Most of these are derivatives of the sweet basil family and all are basically the same plant in terms of how they’re grown in the garden. A common problem in most strains of basil is black spots on the leaves, usually caused by temperature or fungus.

Causes of Basil Black Spots

Basil has natural enemies as well as some problems that can be caused by the environment in which it’s grown. Many people mistake black spots on the leaves as a fungal infection when, in reality, it’s due to early frost nipping the leaves. Basil leaves are very fragile, so even a short frost can cause the leaf edges and the more vulnerable top leaves to die.

If the spots are from a fungal infection, there are several culprits to choose from, all commonly referred to as blight. Because they are all caused by fungi, the diagnosis, symptoms and treatments are generally the same as well.

The spots may appear at the center, on the edge, or anywhere else on the leaf or stem of the basil plant. In most cases, a look underneath the plant will show a fungal growth below the spot. These growths are encouraged when plants are weak from too much or not enough macronutrients (especially nitrogen) in the soil or when damp conditions persist for days, encouraging fungi.

Treatment and Prevention of Basil Black Spots

For spots that could be caused by sudden drops in temperature, protecting the plants against frost is the best line of defense. Cover them with bell jars, tents, etc. Hoop tents are the most popular way to cover and preserve basil from short-term cold weather.

Trimming the plants down to harvest as many of the leaves as possible before the cold sets in, preserving them by drying or other methods, is another good option.

Proper nutrition in the soil is also important. Over- and under-application of nitrogen is the most common culprit for blight-like symptoms. Using good, well-made, organic compost rather than commercial mixtures is a sure way to prevent this type of imbalance in the soil.

For fungal infections, keeping plants well aerated by trimming regularly and giving them plenty of sun is a must. Watering in the morning and at the base of the plants rather than evening also keeps moisture levels down in cooler temperatures. Many fungicides are available to kill the fungus if it does appear. Natural options include fungal soap, a baking soda and water mixture, etc. Trimming away and removing affected leaves and then treating the rest of the plant is the best bet.

Most basil plants can get through black spots on their leaves if the underlying problem is treated quickly. Basil is fast-growing, so removing blighted leaves doesn’t mean your plants will not produce plenty of harvest.

Want to learn more about black spots on basil leaves?

See these resources:
Fresh Basil Production Guidelines For Hawaii and other warm climates from University of Hawaii Cooperative Extension Service.
Sweet Basil Plant Disease Management Guide from University of Florida Extension

Plant Problem Q&A: What Are These Brown Spots?

Q: My basil gets brown spots on some of the leaves. Not too cold or windy. I thought it was being burned by too much sun, but you say 6 hours of full sun per day are needed. What could be causing the brown spots? Some of the spots are on the edges and some are right in the center of the young leaves.

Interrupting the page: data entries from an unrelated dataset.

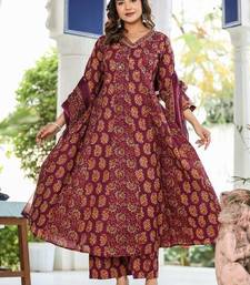 Cotton cambric printed full flared anarkali kurti-pant-dupatta set
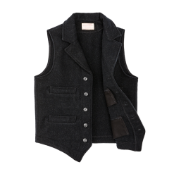 Our Mackinaw Wool Western Vest shrugs off wind and light rain while providing warm insulation. wet or dry. The notched lapels and pointed hem are a nod of respect to the bold pioneers who settled the West. Vests. known as waistcoats in Britain. were considered a requirement for proper attire in those days. The front pockets were sized and located for quick access to timepieces. Those same features that made the vest an indispensable garment on the range make our Western Vest a companion no matter where your journey leads.
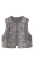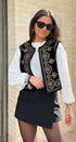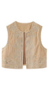 Lüks polyesterden üretilen, pırlantalarla süslenmiş, önü açık yeleğimizle tanışın. Bu hırka, şık tasarımını öne çıkaran göz kamaştırıcı yapay elmas vurgularıyla zarafeti ve konforu birleştiriyor.
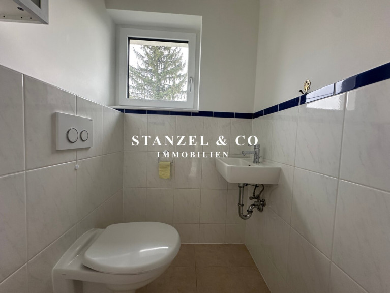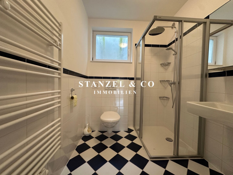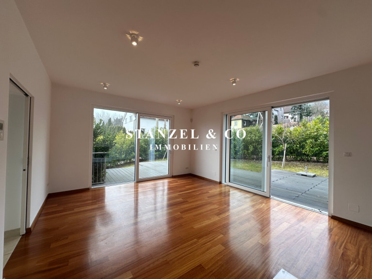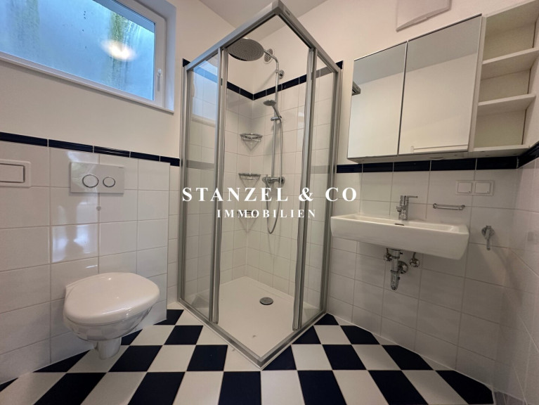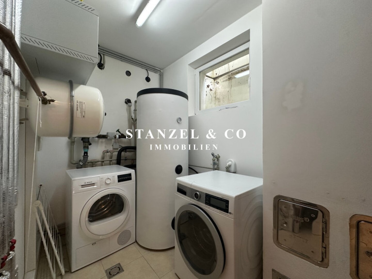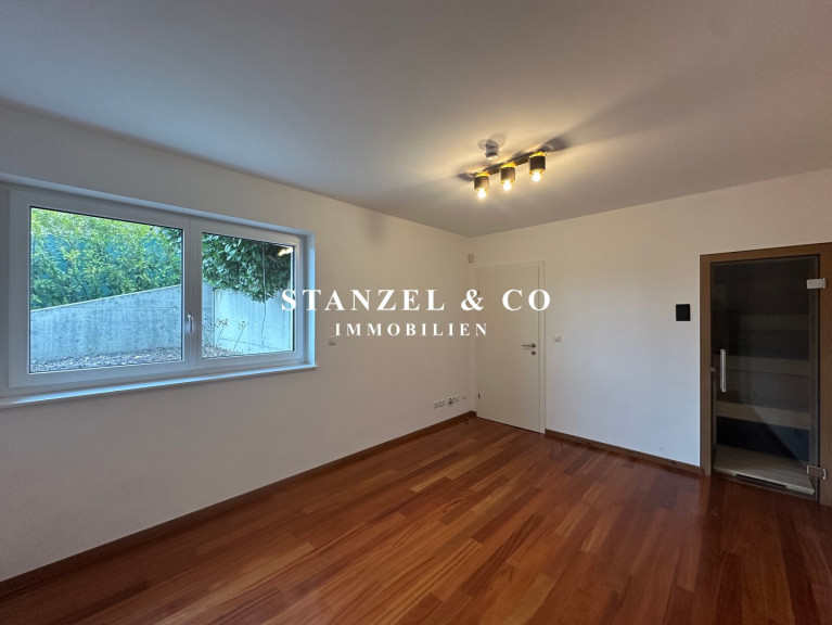 Gartengeschoss - 60m²: Auf dieser Ebene gibt es eine Einliegerwohnung, die aus einem 16m² Wohnzimmer, Teeküche, einem 14m² südseitigen Schlafzimmer mit anschließendem Badezimmer und Sauna besteht sowie über einen 2. Eingang ins Haus verfügt. Vom Wohnzimmer hat man direkten Zugang in den schönen Ostteil des Gartens. Das Badezimmer ist mit einem WC, Waschbecken und einer Glasdusche ausgestattet. Weiters gibt es auf dieser Ebene ein WC und einen Abstellraum sowie einen Waschmaschinenanschluss und einen Technikraum.
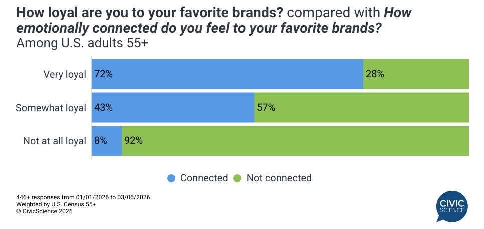 Another element influencing loyalty in the 55+ crowd is the level of emotional rapport they have with their favorite brands. While the demographic is currently divided, with roughly half feeling at least some connection and the other half feeling little to none, the ‘very’ emotionally connected segment remains small at just 9%. Nevertheless, this sentiment is closely tied to brand loyalty, as 72% of the most loyal consumers report some emotional attachment to the brands they buy.
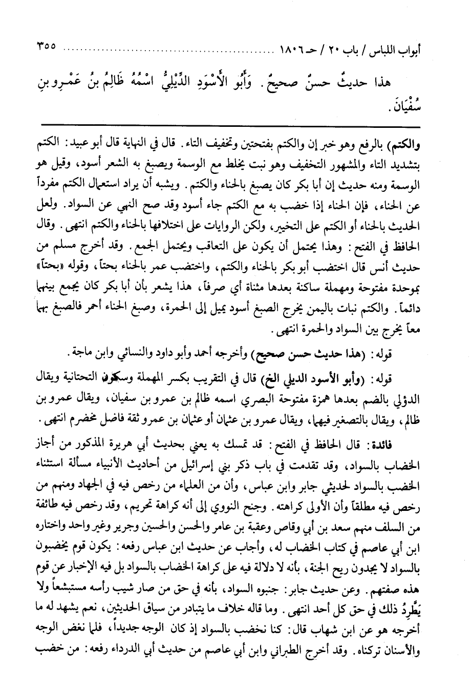 قَوْلُهُ (وَأَبُو الْأَسْوَدِ الدِّيلِيُّ إِلَخْ) قَالَ فِي التَّقْرِيبِ بِكَسْرِ الْمُهْمَلَةِ وَسُكُونِ التَّحْتَانِيَّةِ وَيُقَالُ الدُّؤَلِيُّ بِالضَّمِّ بَعْدَهَا هَمْزَةٌ مَفْتُوحَةٌ الْبَصْرِيُّ اسْمُهُ ظَالِمُ بْنُ عَمْرِو بْنِ سُفْيَانَ وَيُقَالُ عَمْرُو بْنُ ظَالِمٍ وَيُقَالُ بِالتَّصْغِيرِ فِيهِمَا وَيُقَالُ عَمْرُو بْنُ عُثْمَانَ أَوْ عُثْمَانُ بْنُ عَمْرٍو ثِقَةٌ فَاضِلٌ مُخَضْرَمٌ انْتَهَى فَائِدَةٌ قَالَ الْحَافِظُ فِي الْفَتْحِ قَدْ تَمَسَّكَ بِهِ يَعْنِي بِحَدِيثِ أَبِي هُرَيْرَةَ الْمَذْكُورِ مَنْ أَجَازَ الْخِضَابَ بِالسَّوَادِ وَقَدْ تَقَدَّمَتْ فِي بَابِ ذِكْرِ بَنِي إِسْرَائِيلَ مِنْ أَحَادِيثِ الْأَنْبِيَاءِ مَسْأَلَةُ اسْتِثْنَاءِ الْخَضْبِ بِالسَّوَادِ لِحَدِيثَيْ جابر وبن عَبَّاسٍ وَأَنَّ مِنَ الْعُلَمَاءِ مَنْ رَخَّصَ فِيهِ فِي الْجِهَادِ وَمِنْهُمْ مَنْ رَخَّصَ فِيهِ مُطْلَقًا وَأَنَّ الْأَوْلَى كَرَاهَتُهُ
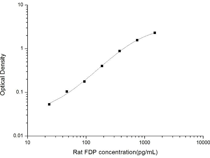 Intra-assay Precision (Precision within an assay): 3 samples with low, mid range and high level Rat FDP were tested 20 times on one plate, respectively. Inter-assay Precision (Precision between assays): 3 samples with low, mid range and high level Rat FDP were tested on 3 different plates, 20 replicates in each plate. Both intra-CV and inter-CV are < 10 %.
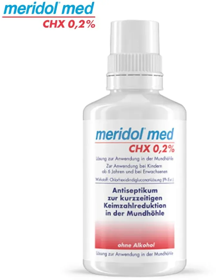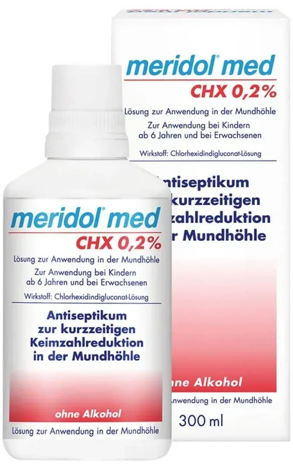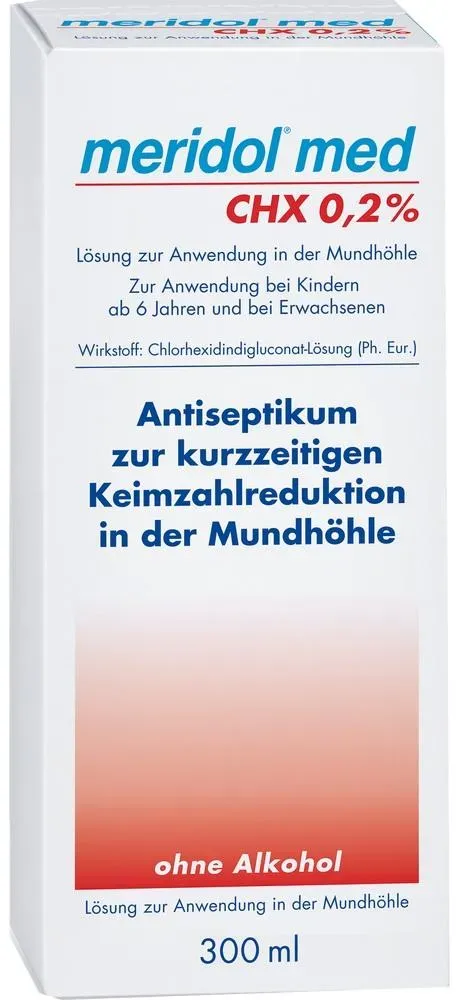 EAN: 4007965138003 - Wirkstoff: Chlorhexidindigluconat-Lösung (Ph.Eur.). Anwendungsgebiete: Zur zeitweiligen Keimzahlreduktion in der Mundhöhle, als zeitweilige und unterstützende Therapie zur mechanischen Reinigung bei bakteriell bedingten Entzündungen des Zahnfleisches (Gingiva) und der Mundschleimhaut sowie nach parodontalchirurgischen Eingriffen, bei eingeschränkter Mundhygienefähigkeit. Packungsbeilage beachten. Arzneimittel für Kinder unzugänglich aufbewahren. Die Mundspülung meridol med CHX 0,2 % ist ein hochwirksames Antiseptikum mit Chlorhexidin zur kurzzeitigen, massiven Keimzahlreduktion. Das Antiseptikum mit Chlorhexidin eignet sich als unterstützende Therapie bei Zahnfleischentzündungen (Gingivitis) und Mundschleimhautentzündungen. Auch nach parodontalchirurgischen Eingriffen und bei eingeschränkter Mundhygienefähigkeit ist die meridol med CHX 0,2 % die optimale Wahl. Die Packungsgröße von 300 ml ist für eine Anwendung von bis zu 14 Tagen ausreichend. meridol med CHX 0,2 % - erhältlich in Ihrer Apotheke. - bei ipill.de - aus Yadore Produktdaten ![]() ![]() Meridol med CHX 0,2% Lösung zur Anwendung in der Mundhöhle 300 ml Lösung

A: There are several possibilities here, and most depend on the size, shape and coloring of the spots. In general you will want to prune the affected leaves and improve air circulation with further pruning, adjusted position, changing your watering habits or staking.

Basil can suffer from a wide variety of afflictions during the growing season.
Photo by Laura Taylor/Courtesy Flickr

Brown and black spots on the leaves and streaks on the stem: These are likely symptoms of bacterial leaf spot, which occurs when soil infected with Pseudomonas cichorii is splashed onto the leaves during watering. There is no direct cure for bacterial leaf spot, but damage can be minimized by modifying watering practices to eliminate splashing and increasing air circulation around the plant by increasing spacing or adjusting placement. You will also want to remove the affected leaves.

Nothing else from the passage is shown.